STORED DATA below:

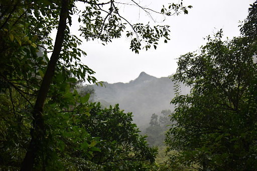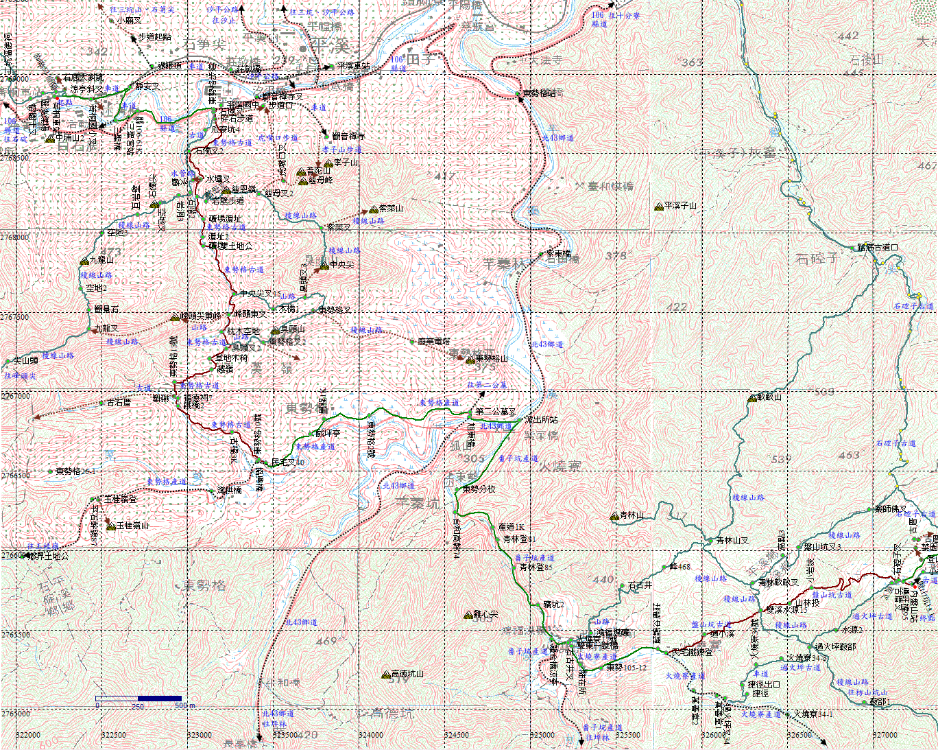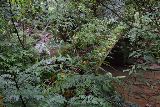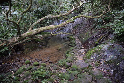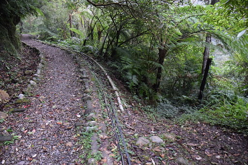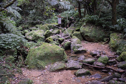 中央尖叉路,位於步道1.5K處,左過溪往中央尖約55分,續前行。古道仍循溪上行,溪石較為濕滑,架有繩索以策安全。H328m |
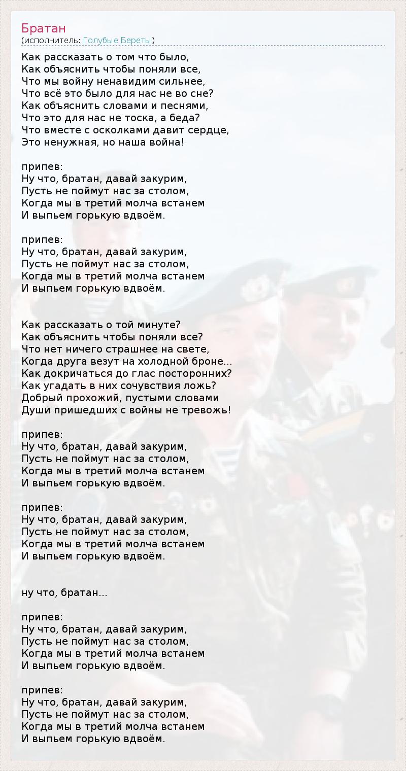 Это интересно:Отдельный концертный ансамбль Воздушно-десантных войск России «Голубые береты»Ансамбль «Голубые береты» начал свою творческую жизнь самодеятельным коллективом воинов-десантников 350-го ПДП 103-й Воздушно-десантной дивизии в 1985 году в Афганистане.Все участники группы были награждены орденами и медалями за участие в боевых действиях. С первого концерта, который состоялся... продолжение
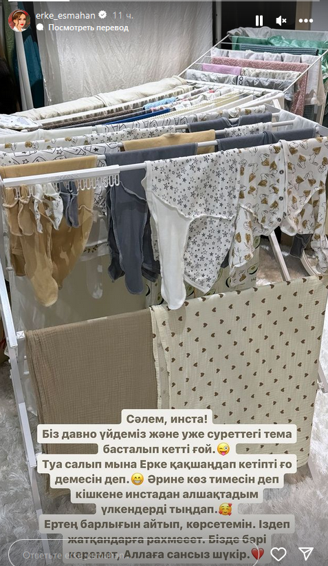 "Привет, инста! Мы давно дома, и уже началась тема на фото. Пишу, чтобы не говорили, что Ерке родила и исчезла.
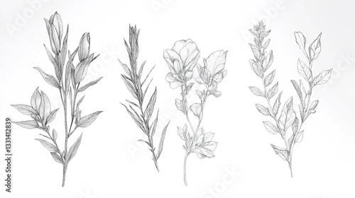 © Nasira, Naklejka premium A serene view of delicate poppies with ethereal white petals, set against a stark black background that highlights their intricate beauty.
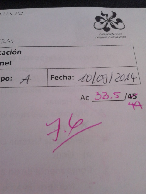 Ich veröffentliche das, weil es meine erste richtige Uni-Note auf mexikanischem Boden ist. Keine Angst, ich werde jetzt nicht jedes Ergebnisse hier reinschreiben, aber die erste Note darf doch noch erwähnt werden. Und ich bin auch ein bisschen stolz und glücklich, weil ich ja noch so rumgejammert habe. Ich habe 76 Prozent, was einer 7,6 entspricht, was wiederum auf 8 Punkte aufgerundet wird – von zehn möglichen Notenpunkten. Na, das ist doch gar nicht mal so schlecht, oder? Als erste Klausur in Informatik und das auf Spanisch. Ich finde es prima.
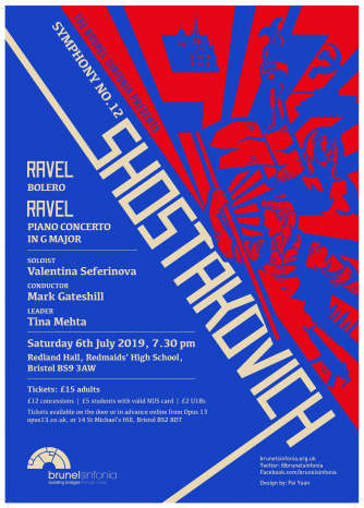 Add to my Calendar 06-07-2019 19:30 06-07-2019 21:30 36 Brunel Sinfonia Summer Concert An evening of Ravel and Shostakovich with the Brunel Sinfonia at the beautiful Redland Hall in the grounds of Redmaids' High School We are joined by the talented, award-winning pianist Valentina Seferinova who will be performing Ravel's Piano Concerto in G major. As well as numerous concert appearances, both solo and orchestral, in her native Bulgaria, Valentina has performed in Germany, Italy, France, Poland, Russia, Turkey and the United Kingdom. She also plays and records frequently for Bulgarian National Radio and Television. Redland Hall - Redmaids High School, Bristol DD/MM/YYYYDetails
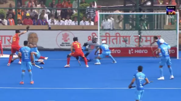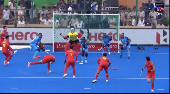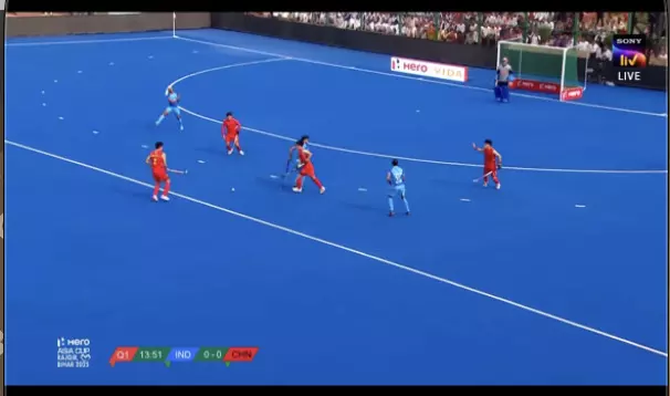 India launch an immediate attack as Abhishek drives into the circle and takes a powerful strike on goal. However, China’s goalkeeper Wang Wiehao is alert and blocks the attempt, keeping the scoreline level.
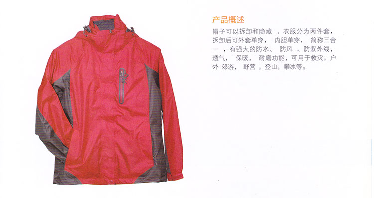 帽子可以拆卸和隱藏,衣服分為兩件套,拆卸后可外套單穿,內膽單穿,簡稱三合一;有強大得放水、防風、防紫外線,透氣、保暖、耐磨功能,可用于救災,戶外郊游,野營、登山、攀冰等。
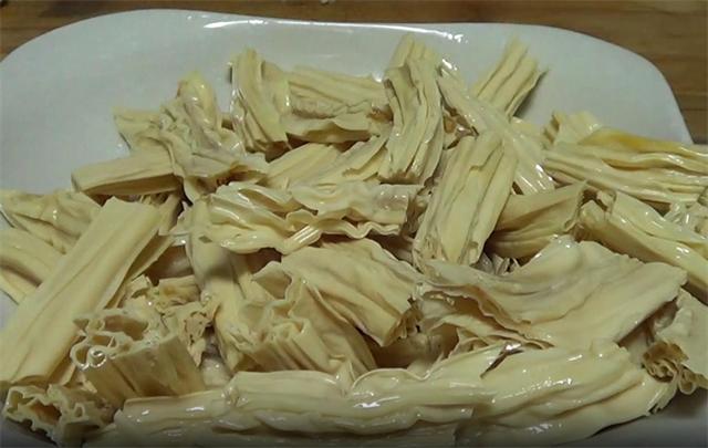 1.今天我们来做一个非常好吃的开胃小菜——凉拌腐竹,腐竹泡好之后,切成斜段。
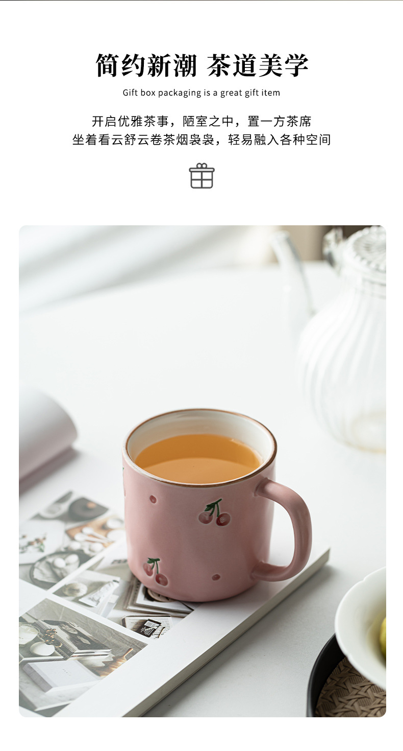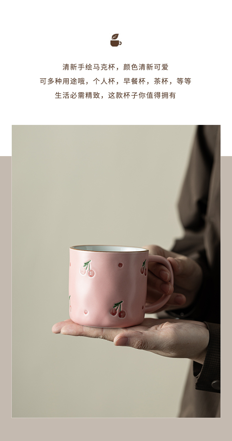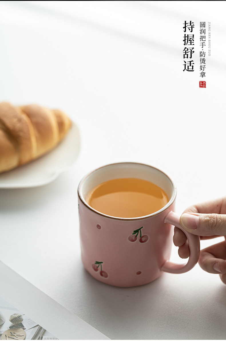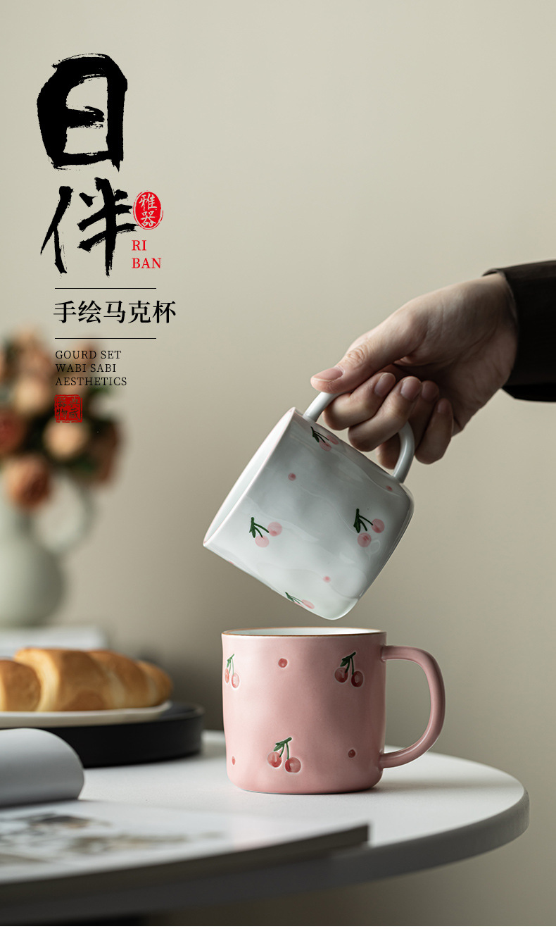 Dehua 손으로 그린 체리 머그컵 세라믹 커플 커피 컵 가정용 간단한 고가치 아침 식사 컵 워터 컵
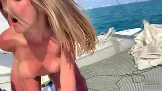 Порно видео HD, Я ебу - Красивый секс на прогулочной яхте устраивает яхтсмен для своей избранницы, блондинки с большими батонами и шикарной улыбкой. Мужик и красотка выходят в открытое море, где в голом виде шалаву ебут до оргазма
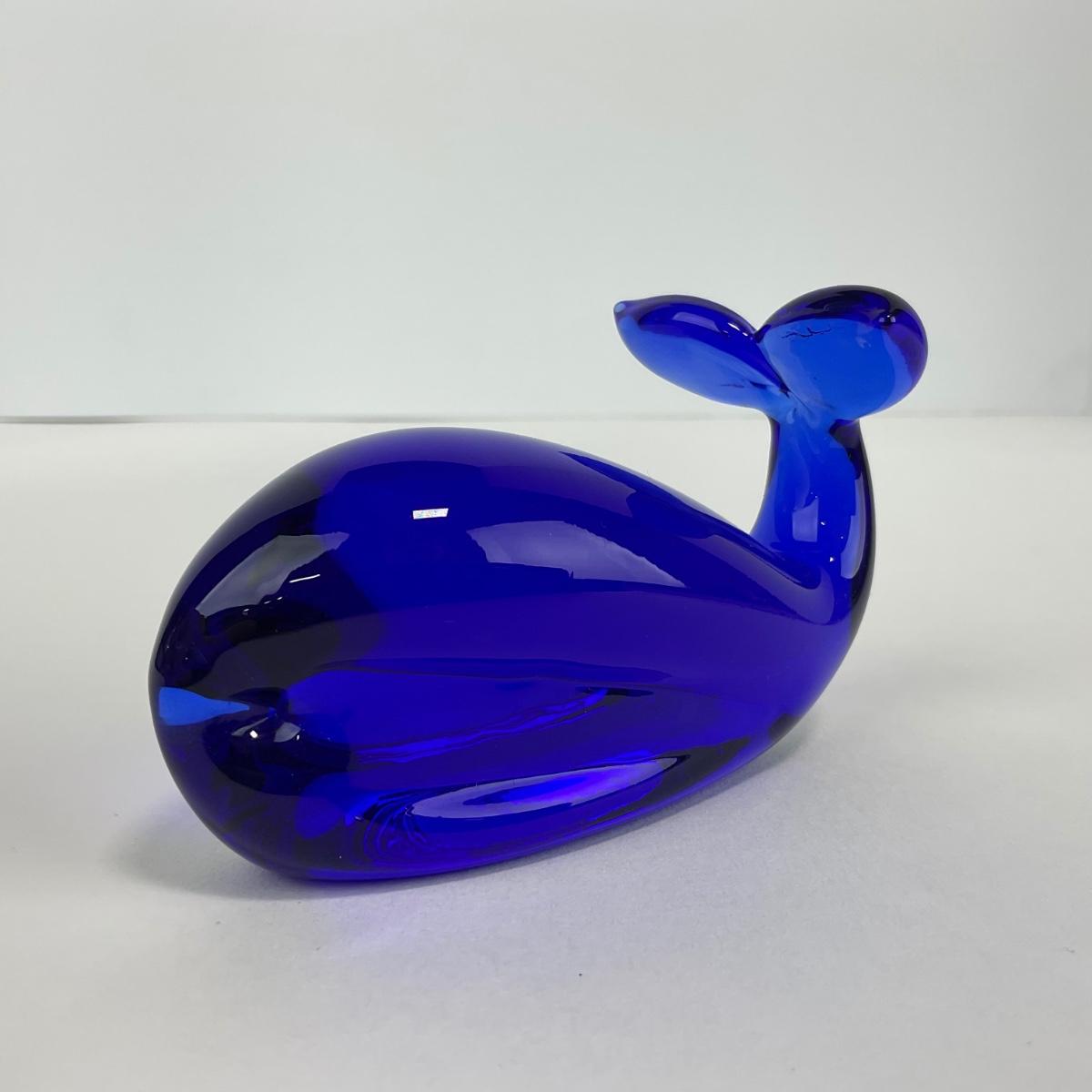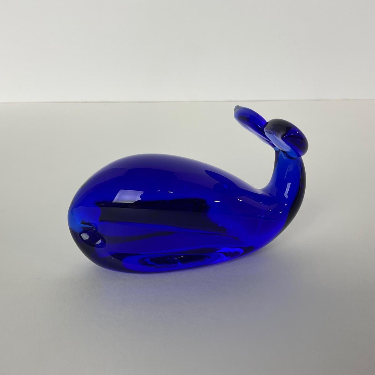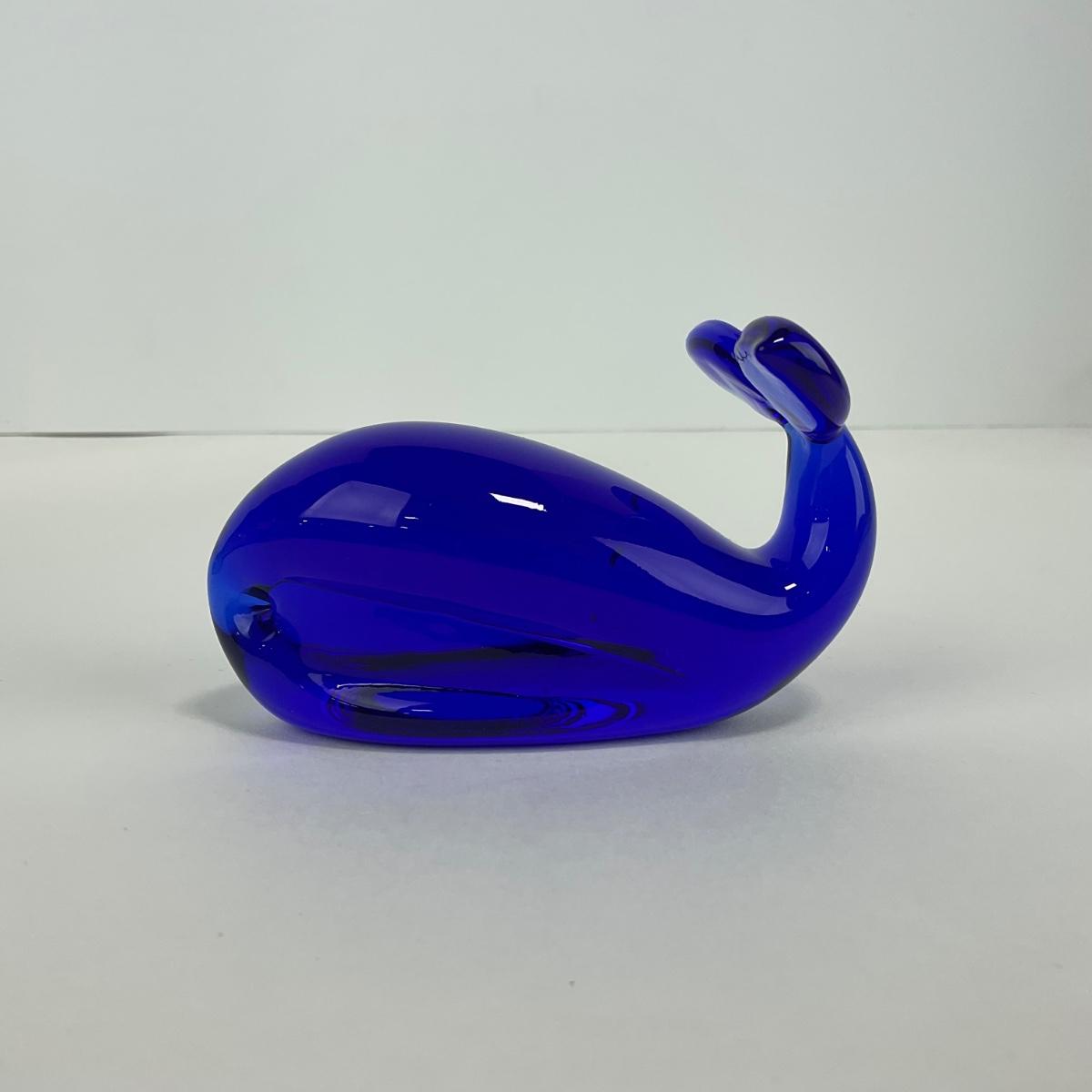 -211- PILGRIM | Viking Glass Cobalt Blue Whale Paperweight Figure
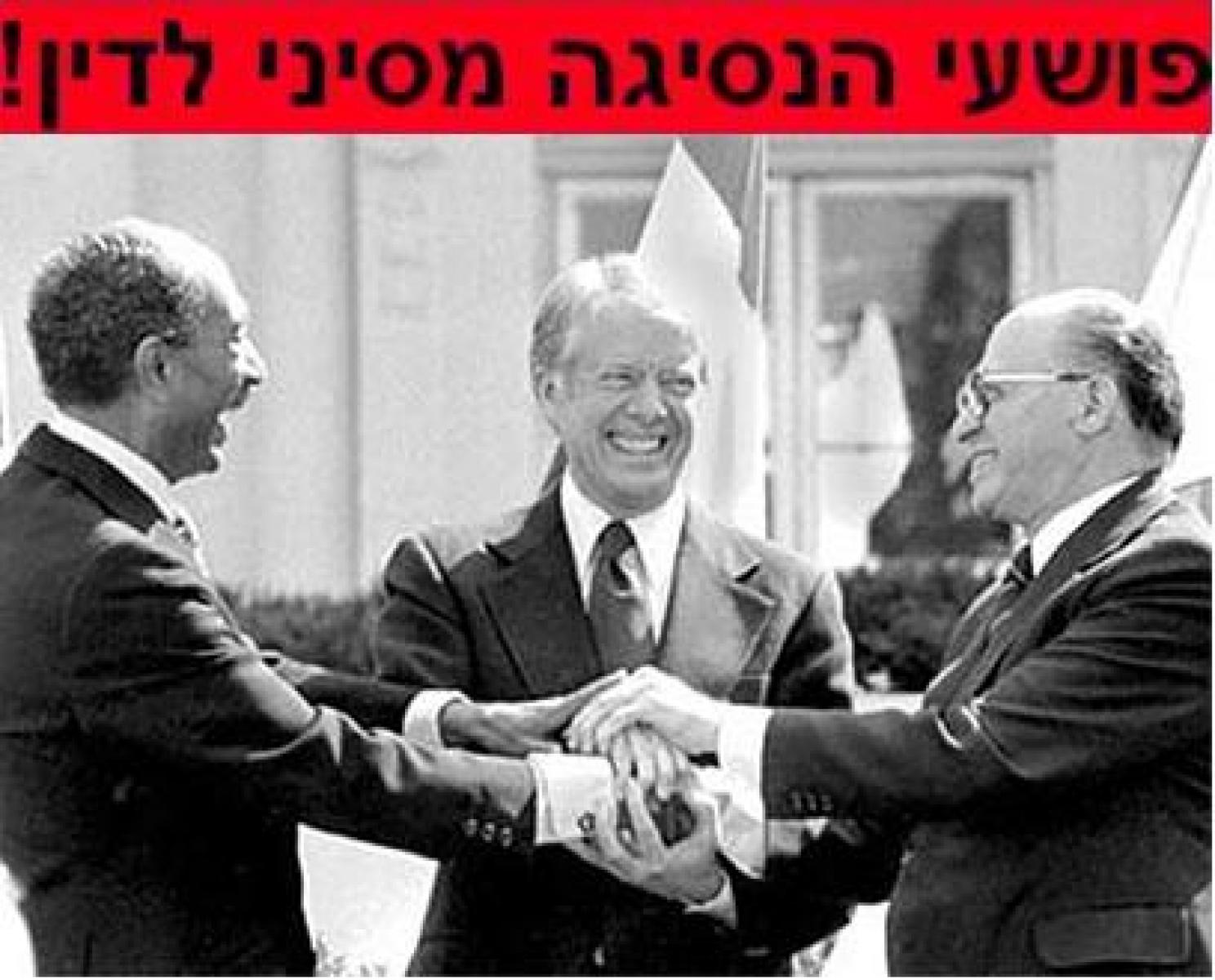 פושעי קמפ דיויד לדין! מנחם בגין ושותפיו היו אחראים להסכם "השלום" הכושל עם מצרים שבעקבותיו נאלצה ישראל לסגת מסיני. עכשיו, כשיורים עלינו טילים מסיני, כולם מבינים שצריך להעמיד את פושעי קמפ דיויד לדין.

End of STORED DATA.

Could the material above be given again exactly, pictures excluded?

 中央尖叉路,位於步道1.5K處,左過溪往中央尖約55分,續前行。古道仍循溪上行,溪石較為濕滑,架有繩索以策安全。H328m |
 Это интересно:Отдельный концертный ансамбль Воздушно-десантных войск России «Голубые береты»Ансамбль «Голубые береты» начал свою творческую жизнь самодеятельным коллективом воинов-десантников 350-го ПДП 103-й Воздушно-десантной дивизии в 1985 году в Афганистане.Все участники группы были награждены орденами и медалями за участие в боевых действиях. С первого концерта, который состоялся... продолжение
 "Привет, инста! Мы давно дома, и уже началась тема на фото. Пишу, чтобы не говорили, что Ерке родила и исчезла.
 © Nasira, Naklejka premium A serene view of delicate poppies with ethereal white petals, set against a stark black background that highlights their intricate beauty.
 Ich veröffentliche das, weil es meine erste richtige Uni-Note auf mexikanischem Boden ist. Keine Angst, ich werde jetzt nicht jedes Ergebnisse hier reinschreiben, aber die erste Note darf doch noch erwähnt werden. Und ich bin auch ein bisschen stolz und glücklich, weil ich ja noch so rumgejammert habe. Ich habe 76 Prozent, was einer 7,6 entspricht, was wiederum auf 8 Punkte aufgerundet wird – von zehn möglichen Notenpunkten. Na, das ist doch gar nicht mal so schlecht, oder? Als erste Klausur in Informatik und das auf Spanisch. Ich finde es prima.
 Add to my Calendar 06-07-2019 19:30 06-07-2019 21:30 36 Brunel Sinfonia Summer Concert An evening of Ravel and Shostakovich with the Brunel Sinfonia at the beautiful Redland Hall in the grounds of Redmaids' High School We are joined by the talented, award-winning pianist Valentina Seferinova who will be performing Ravel's Piano Concerto in G major. As well as numerous concert appearances, both solo and orchestral, in her native Bulgaria, Valentina has performed in Germany, Italy, France, Poland, Russia, Turkey and the United Kingdom. She also plays and records frequently for Bulgarian National Radio and Television. Redland Hall - Redmaids High School, Bristol DD/MM/YYYYDetails
 India launch an immediate attack as Abhishek drives into the circle and takes a powerful strike on goal. However, China’s goalkeeper Wang Wiehao is alert and blocks the attempt, keeping the scoreline level.
 帽子可以拆卸和隱藏,衣服分為兩件套,拆卸后可外套單穿,內膽單穿,簡稱三合一;有強大得放水、防風、防紫外線,透氣、保暖、耐磨功能,可用于救災,戶外郊游,野營、登山、攀冰等。
 1.今天我们来做一个非常好吃的开胃小菜——凉拌腐竹,腐竹泡好之后,切成斜段。
 Dehua 손으로 그린 체리 머그컵 세라믹 커플 커피 컵 가정용 간단한 고가치 아침 식사 컵 워터 컵
 Порно видео HD, Я ебу - Красивый секс на прогулочной яхте устраивает яхтсмен для своей избранницы, блондинки с большими батонами и шикарной улыбкой. Мужик и красотка выходят в открытое море, где в голом виде шалаву ебут до оргазма
 -211- PILGRIM | Viking Glass Cobalt Blue Whale Paperweight Figure
 פושעי קמפ דיויד לדין! מנחם בגין ושותפיו היו אחראים להסכם "השלום" הכושל עם מצרים שבעקבותיו נאלצה ישראל לסגת מסיני. עכשיו, כשיורים עלינו טילים מסיני, כולם מבינים שצריך להעמיד את פושעי קמפ דיויד לדין.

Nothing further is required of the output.